Strategies for deploying online ML models — part 2

Victor Macedo
LatinXinAI
Published in
7 min readJan 16, 2024

Recap

Continuing the article in which I addressed more theoretical points about strategies for deploying machine learning models, to learn more click here, in this I will follow up by showing a small lab that I built. This lab was presented at a meeting of the machine learning engineering guild of the company where I currently work.
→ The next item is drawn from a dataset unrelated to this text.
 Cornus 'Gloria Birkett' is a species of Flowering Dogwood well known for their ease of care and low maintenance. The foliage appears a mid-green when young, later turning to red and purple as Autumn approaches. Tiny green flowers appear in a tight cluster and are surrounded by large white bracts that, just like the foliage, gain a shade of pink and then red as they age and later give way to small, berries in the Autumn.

Just like in the first article, let’s agree that when I use the word model or models, I’m referring to machine learning models, ok? Writing machine learning directly will end up getting very repetitive.

Deployment environment

One of the most widespread tools on the market for operationalizing all types of applications is Kubernetes. For those who don’t know what Kubernetes is, I took this definition from the official documentation itself:

Kubernetes is a portable, extensible, open-source platform for managing containerized workloads and services that facilitates declarative configuration and automation. It has a large and rapidly growing ecosystem. Kubernetes services, support, and tools are widely available.
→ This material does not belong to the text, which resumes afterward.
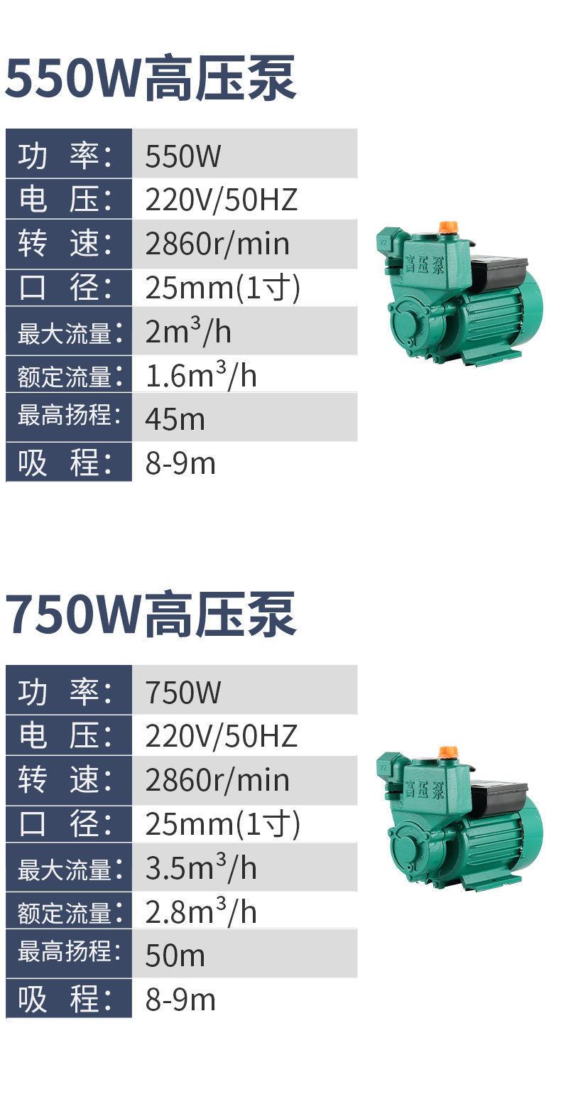 1.1kw high pressure pump head 55m 1inch automatic start and stop

This way, we can briefly understand that Kubernetes is a container orchestration tool. Therefore, having a container image, which could be Docker or Podman, for example, Kubernetes is capable of orchestrating it.

Among the three largest cloud service providers, AWS; GCP; and Azure all have a managed Kubernetes service, EKS; GKE; and AKS, respectively. Therefore, I believe that Kubernetes can be considered a cloud provider-agnostic technology.

However, provisioning a Kubernetes service in these major cloud providers is not cheap enough for a simple lab. Faced with this impediment, I will use Kind, which will allow us to run a Kubernetes cluster locally. On top of Kubernetes, I will also install Istio and Knative.

The application that will simulate a model

Starting with the application that will simulate the model that we will put into “production”. It is nothing more than an API with only the root endpoint that expects an environment variable named TARGET to exist and returns the value of this variable to the user.

In order to containerize this application I also had to create a Dockerfile to achieve this goal.

Since the application expects to receive the TARGET environment variable, it becomes easy to identify the version that is returning our requests. We just need to inject this variable into our Kubernetes manifest and it will be returned in response to the request.

Knative demo

For those unfamiliar with Knative, here is the concept taken directly from the official documentation:

Knative is a platform-independent solution for running serverless deployments.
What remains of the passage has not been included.